Simple features for R

#devtools::install_github("edzer/sfr")
library(sf)

## Linking to GEOS 3.5.0, GDAL 2.1.1

library(tibble)
x <- st_as_sf(tibble(a = 1:2, geom = st_sfc(list(st_multipolygon(list(list(p1, p2[rev(seq(nrow(p2))), ]))),  
                                                 st_multipolygon(list(list(p4)))))))
plot(x, col = c("grey", "firebrick"))

Spatial (legacy sp package)

library(sp)
spgdf <- as(x, "Spatial")
plot(spgdf, col = c("grey", "firebrick"))

Grammar of graphics

## fortify model
library(dplyr)
meta <- as_tibble(x %>% dplyr::select(-geom) %>% mutate(object_ = row_number()))
map <- spbabel::sptable(spgdf)
library(ggplot2)
ggcols <- ggplot2::scale_fill_manual(values = c("1" = "grey", "2"  = "firebrick")) 
ggplot(map %>% mutate(rn = row_number()) %>% inner_join(meta)) + aes(x = x_, y = y_, group = branch_, fill = factor(object_)) +
  ggcols + ggpolypath::geom_polypath() + geom_path()

## Joining, by = "object_"

Map table

This is a four-table decomposition of Spatial objects, a normalization of the fortify model.

library(spbabel)
mp <- map_table(spgdf)
ggcols <- ggplot2::scale_fill_manual(values = setNames(c("grey", "firebrick"), mp$o$object_))
gg <- ggplot(mp$o %>% inner_join(mp$b) %>% inner_join(mp$bXv) %>% inner_join(mp$v))

## Joining, by = "object_"

## Joining, by = "branch_"

## Joining, by = "vertex_"

gg + aes(x = x_, y = y_, group = branch_, fill = object_) + ggcols + ggpolypath::geom_polypath() + geom_path(lwd = 2)

Planar straight line graph

Here we identify all edges, i.e. line segments between a pair of coordinates, regardless of direction.

Note in the second plot we identify “nodes”, and that there are two segments that overlap between the neighbouring polygons.
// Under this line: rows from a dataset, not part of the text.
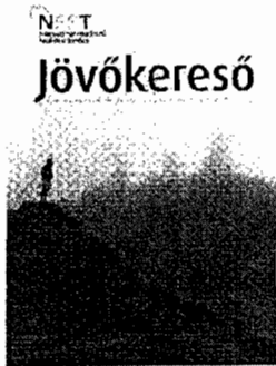
Jövőkereső az NFFT Jelentése a magyar Társadalomnak

Cím: Országgyűlés Irodaháza 1358 Budapest Széchenyi rakpart 19. Tel.: +36 1 441-6178, Fax: +36 1 441-6179, e-mail: nfft[kukac]parlament[pont]hu
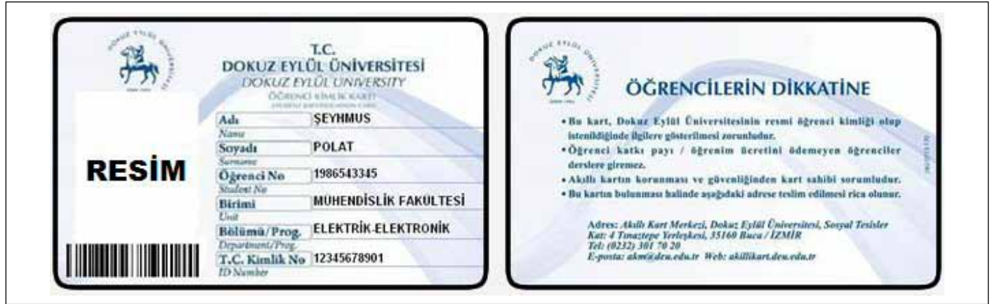
Şekil 1: Dokuz Eylül Üniversitesi öğrenci kimliği (örnektir!).
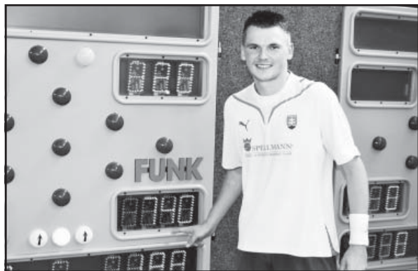
Svetový rekord Zavarku
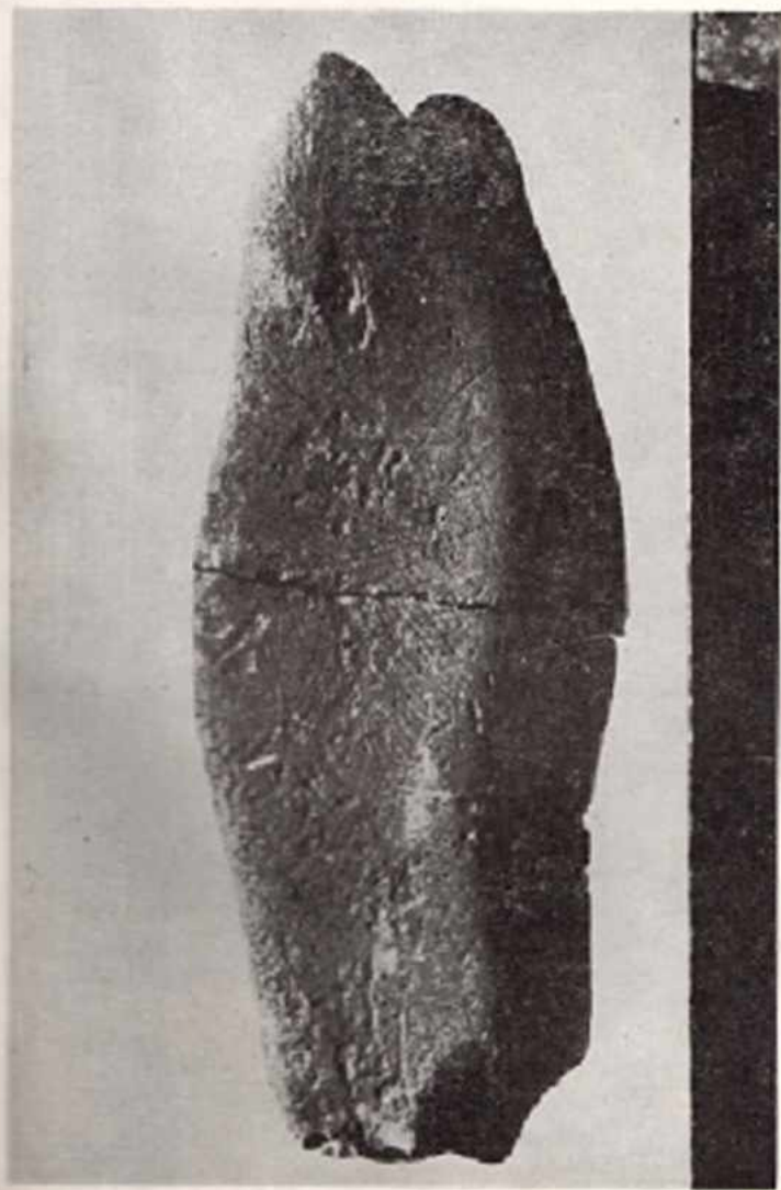
1 - Taş bula, Güvercinte çaprazlaması buldu çözümlenmiş.

In Arc speak this is just one arc, but in simple features it is just a segment on one polygon path, and another segment on the other polygon path, without any explicit record or knowledge of that relationship.

p2seg <- function(x) as_tibble(rangl:::path2seg(x$vertex_))
BxE <- mp$bXv %>% split(.$branch_) %>% purrr::map(p2seg) %>% bind_rows(.id = "branch_") 
ggplot(BxE %>% inner_join(mp$v %>% rename(x = x_, y = y_), c("V1" = "vertex_")) %>% 
                            inner_join(mp$v, c("V2" = "vertex_"))) + 
  geom_segment(aes(x = x, y = y, xend = x_, yend = y_, colour = V1)) #+ guides(colour = FALSE)
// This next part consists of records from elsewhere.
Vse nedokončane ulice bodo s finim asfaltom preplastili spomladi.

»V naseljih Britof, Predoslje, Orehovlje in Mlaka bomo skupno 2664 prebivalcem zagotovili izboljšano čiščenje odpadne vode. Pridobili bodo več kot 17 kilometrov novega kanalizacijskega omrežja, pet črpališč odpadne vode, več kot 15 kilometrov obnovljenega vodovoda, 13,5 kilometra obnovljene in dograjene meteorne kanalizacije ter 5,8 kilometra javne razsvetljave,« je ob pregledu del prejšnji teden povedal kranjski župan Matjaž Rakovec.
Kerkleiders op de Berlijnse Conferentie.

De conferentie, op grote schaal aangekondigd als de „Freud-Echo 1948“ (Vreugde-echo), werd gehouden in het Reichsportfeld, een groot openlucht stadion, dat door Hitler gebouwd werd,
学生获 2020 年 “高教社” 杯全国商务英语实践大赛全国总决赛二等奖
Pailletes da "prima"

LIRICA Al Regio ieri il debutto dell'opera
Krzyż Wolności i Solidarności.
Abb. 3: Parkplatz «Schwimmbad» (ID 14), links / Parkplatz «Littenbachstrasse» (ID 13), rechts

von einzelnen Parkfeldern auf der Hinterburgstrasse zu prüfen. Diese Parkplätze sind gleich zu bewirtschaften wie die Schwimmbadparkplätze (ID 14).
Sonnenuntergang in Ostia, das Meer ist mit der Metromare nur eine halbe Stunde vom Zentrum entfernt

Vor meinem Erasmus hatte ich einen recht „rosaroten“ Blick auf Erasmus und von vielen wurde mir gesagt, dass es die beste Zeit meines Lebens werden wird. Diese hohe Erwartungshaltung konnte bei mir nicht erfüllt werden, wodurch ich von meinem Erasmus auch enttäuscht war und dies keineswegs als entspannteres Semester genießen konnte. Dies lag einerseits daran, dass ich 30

uE <- mp$bXv %>% split(.$branch_) %>% purrr::map(p2seg) %>% bind_rows(.id = "branch_")%>% mutate(edge_ = row_number()) %>% 
   mutate(uu = paste(pmin(V1, V2), pmax(V1, V2), sep = "_")) %>% distinct(uu, .keep_all = TRUE)
nodes <- bind_rows(mp$v %>% dplyr::select(vertex_) %>% inner_join(uE, c("vertex_" = "V1")), 
          mp$v %>% dplyr::select(vertex_) %>% inner_join(uE, c("vertex_" = "V2"))) %>% 
  distinct(edge_, vertex_) %>% 
  group_by(vertex_) %>% mutate(nb = n()) %>% ungroup() %>% 
  filter(nb > 2) %>% distinct(vertex_) %>% inner_join(mp$v)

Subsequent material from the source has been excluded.